Senate debates

Monday, 7 September 2015

Bills

Tax and Superannuation Laws Amendment (2015 Measures No. 2) Bill 2015; Second Reading

12:56 pm

Photo of Arthur SinodinosArthur Sinodinos (NSW, Liberal Party) Share this | Hansard source

That is an example. There are others, Senator Cameron. The important point here is that Labor should not put their head in the sand. We cannot just fund increasing spending. The gap will just open up and the deficit goes up. The deficit goes up, so the debt goes up. Debt is just deferred tax. Sooner or later, you have got to pay it. We cannot just keep kicking the can down the road.

The ratings agencies look at Australia and they look at our debt. When our net debt gets to about 20 per cent of GDP, they will start to ring the alarm bells if we not careful. They will start to say, 'Well, this country isn't on the right path. It's not a sustainable path.' Why is it an issue for us? Because even though we are in the G20 and we are the 12th largest economy in the world, relatively speaking, we are still a small, open economy that is still subject to external crises and still very much subject to foreign investment.

We need to attract foreign investment. A huge amount of that foreign investment into Australia is coming in the form of debt through our banking system, which then gets recycled into housing and so on and so forth. That is why during the global financial crisis, when capital markets froze across the world, we had issues with our banking system and had to provide guarantees for depositors and all the rest of it, as other countries were doing. That was because we were so interconnected with global capital markets.

This is an important bill. It is a further instalment and a further down payment on our second budget. It is an important budget which also rightly recognised the role of small businesses in our economy. It had a range of measures to support small business by cutting tax to those businesses in the tax net, giving a benefit and giving instant asset write-offs of up to $20,000 from now until 2017-18 to those businesses who are not incorporated and who are not in the tax net. They are very important measures, all of which are meant to promote the small business sector of the economy. That is a sector where you get the new enterprises which are potentially the medium and large enterprises of the future—the start-ups.

That is why we have also made good on our promise to fix up employee share ownership, which Labor had botched in 2009. That is because people who work in start-ups cannot be paid an appropriate salary, but they will take a cut of the upside of what happens when the value of a company or a start-up goes up when they finally commercialise a major new product, process or service.

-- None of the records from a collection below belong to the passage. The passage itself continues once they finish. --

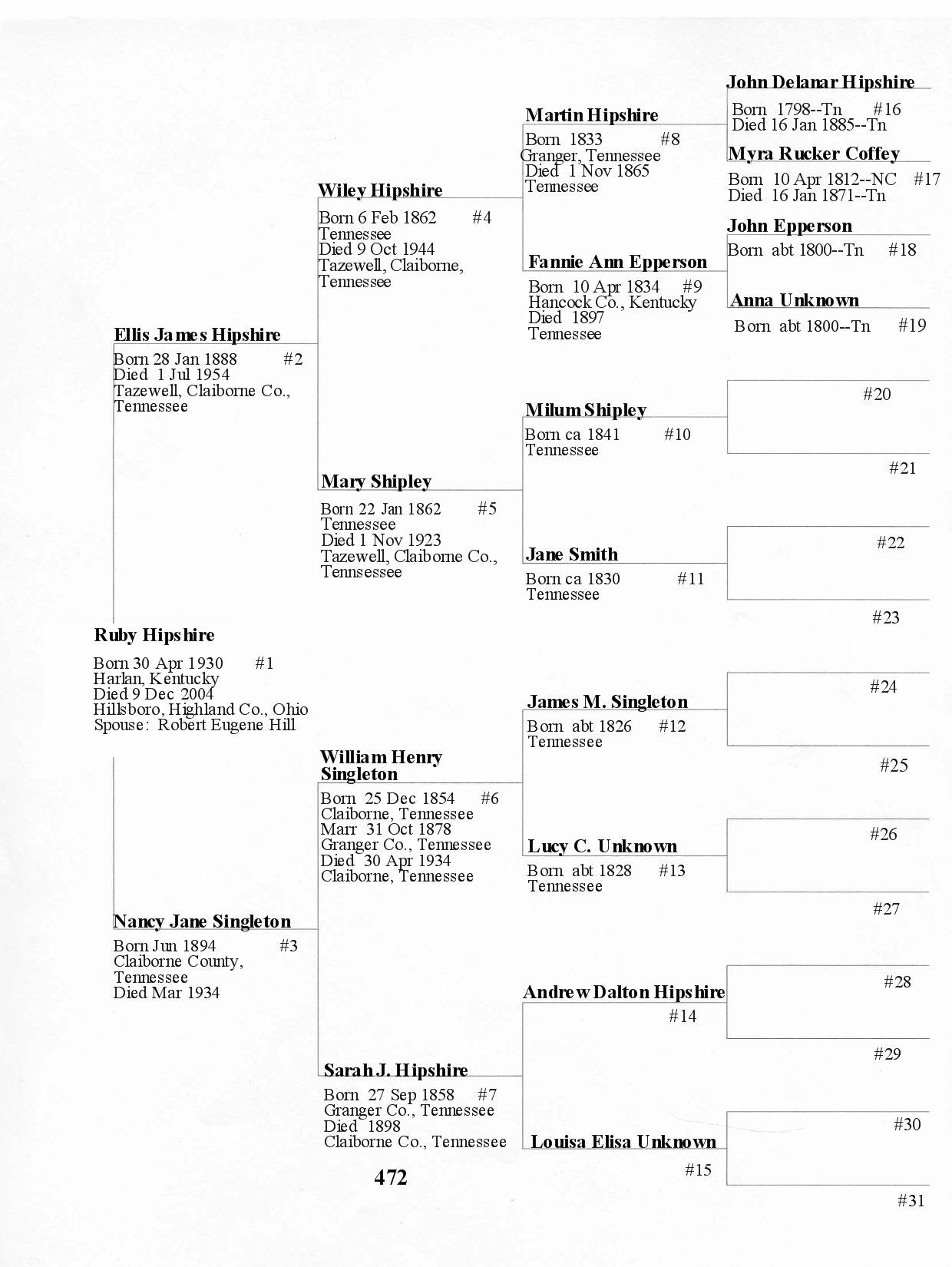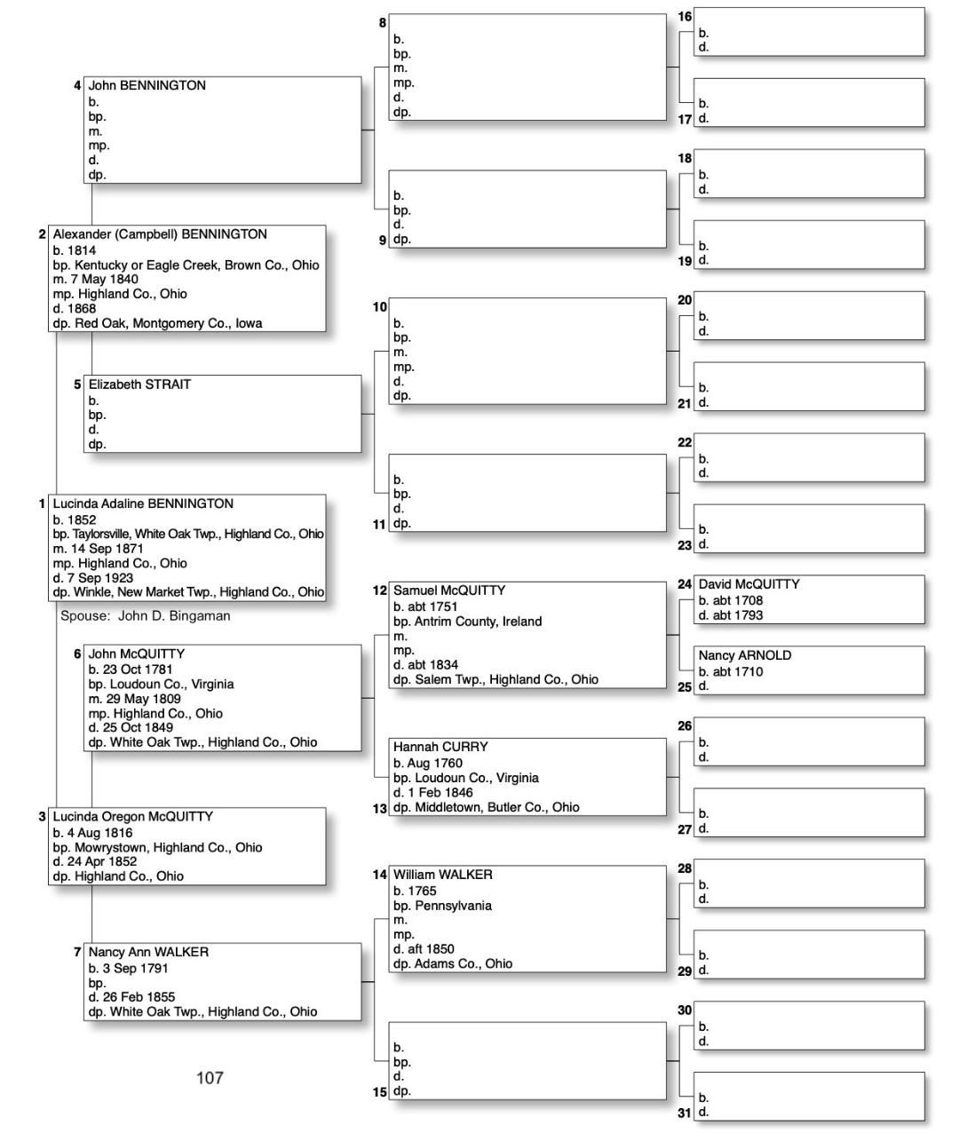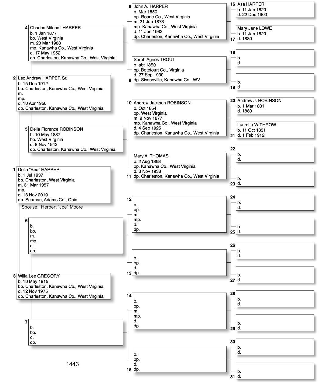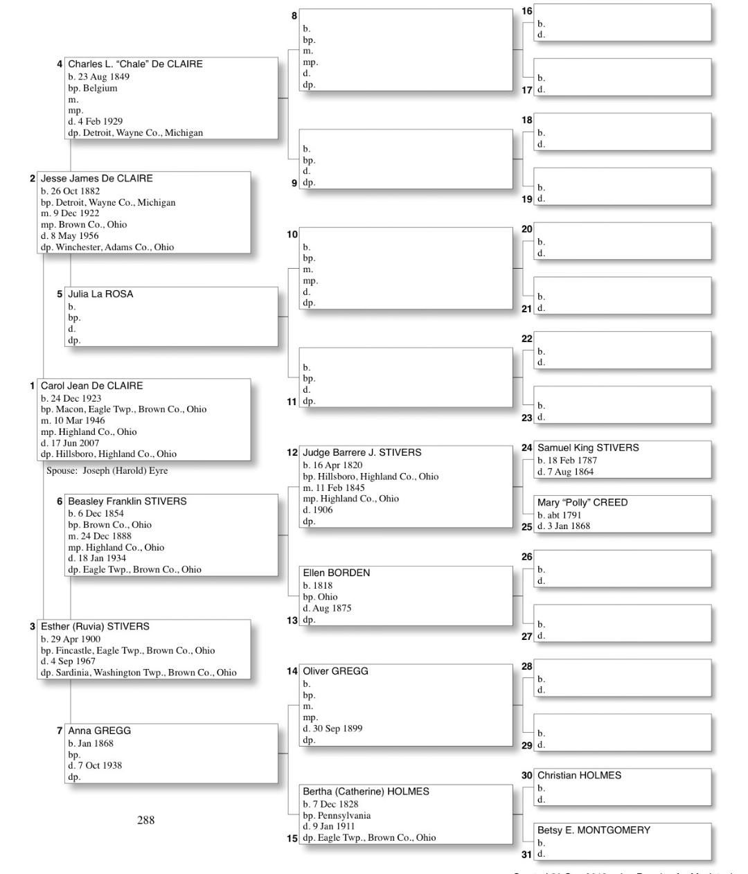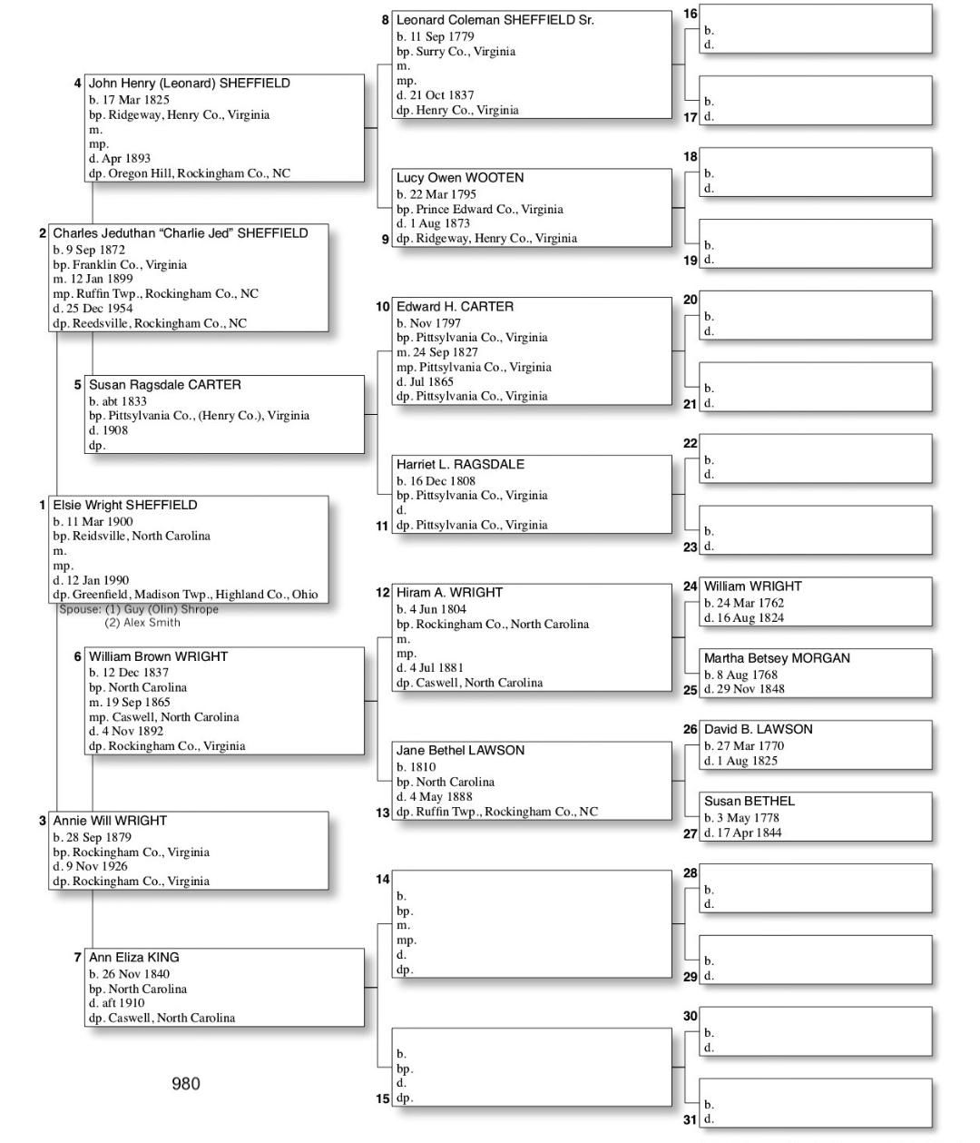Alphabetized with link to Five Generation Chart
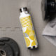 Cette bouteille d'eau est décorée d'un motif de style Bauhaus géométrique en jaune, gris et blanc moutarde pour un look moderne.
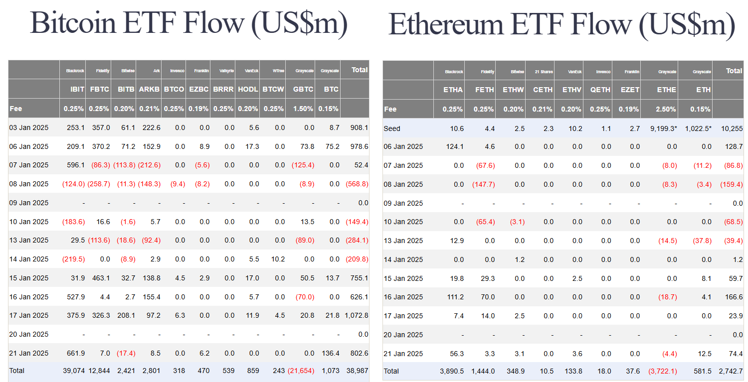 Các quỹ BTC spot ETF có dòng tiền vào dương lớn lên đến 802 triệu USD. Chủ yếu dòng tiền vào IBIT của BlackRock và BTC của Grayscale. Các quỹ ETH ETF.

These are very important measures. That start-up economy is something that we need to increasingly nurture.

In my own state of New South Wales, there is a lot of work going on around promoting the fintech sector, which is technology and its application to financial services, which will disrupt existing models. It will disrupt the way the big banks operate and it will provide new products, processes and new ways of doing things. That is very important to us and it, of course, has implications over the next few decades about taxing points and how we tax. As I said before, we are increasingly living in a world where intellectual property is so important. Taxing that properly on an equitable basis between countries is going to be very, very important.

For those who want to see multilateral tax reform—particularly in this area of base erosion, profit shifting and dealing with multinationals—it is very important that the United States of America is persuaded to be as supportive as possible of these measures; without the support of the US, these measures will not be as effective as they should be. That is because so many of the corporations that we are talking about are, at the end of the day, American corporations. I am thinking of Google, Amazon and Microsoft—you can go through the list. One of the challenges we faced, and I faced when I was Assistant Treasurer, was understanding better the business model that underpins these companies and the implications that has for tax. You cannot look at tax, as I said before, through a filter of our local conditions only. You have to look at it in the context of the multilateral rules around all of this.

In the time left to me, I will just say that the OECD has done valuable work in these areas. I think it would be a pity if we just discount that work. It is complicated work; it is complex. In fact, there are people like the former Assistant Treasurer, David Bradbury, who have been involved at the OECD end of all of this. This is important work. It is rigorous. If we do things in tandem with other countries, we will get the best possible result. On that point, I will sit down.